Vol. 10 No. 1 (2014): Music in Documentary

“Oh What a Beautiful City”: Performing Transitional Vancouver in the CBUT’s "City Song"

DOI
https://doi.org/10.14288/cinephile.v10i1.198039
Submitted
March 25, 2023
Published
2014-06-01

Abstract

In this essay I argue that City Song enacts a performance of Vancouver that reveals as much about a city in the process of conscious redefinition as it does about the politics of representation in documentary film soundtracks, exposing key ideological overlaps between the making of cities and their cinematic representations. The film stages the city through a set of eight sequences, each roughly delimited by the performance of a particular song, and each offering its own distinct vantage point on the city with attendant shifts in rhetorical tone and aesthetic treatment. The songs cover a range of styles common within the folk repertoire of the day, and beat-style narration offers points of transition between locations. The Inquisition Coffee House is the hub of the film wherein several songs presented in synchronized performance reveal the source of the music we hear throughout the rest of the scenes. The issues facing the city are thus articulated and interrogated by way of musical performance, making City Song a striking (and strikingly early) exploration of what Stella Bruzzi refers to as the “performative” mode in documentary filmmaking (186).

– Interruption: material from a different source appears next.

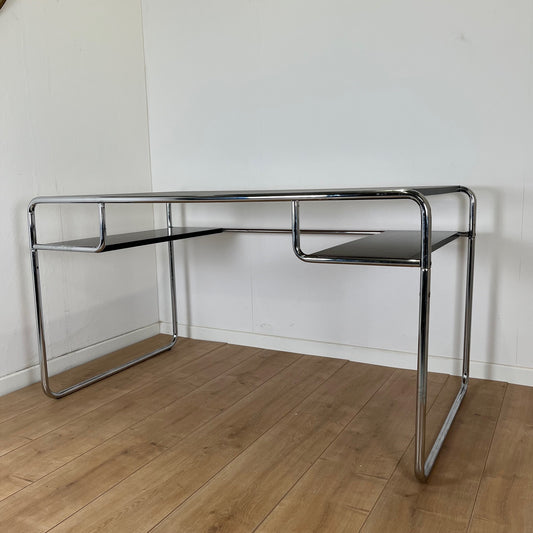 Bureau style Bauhaus en acier tubulaire et plateau en bois laqué noir, 1980

As I will demonstrate, City Song’s “performativity” is both troubled and enhanced by the way it intersects with issues specific to the music documentary (of which it is a also a relatively early example). I argue that this intersection is best understood as a process of the city’s self-representation that I will refer to as “staging” following recent work by Karin Bijsterveld (2013). This staging is only accessible by way of attention to the soundtrack, both in terms of the obvious thematic content of the lyrics and the loaded location in which they are sung and from which they carry over the rest of the film. Ultimately, the overt staging in City Song explores the potential for a film to engage actively in the re-imagining of a city, making it a model case study for how works of art can be used for serious soundscape research into urban actualities of the past.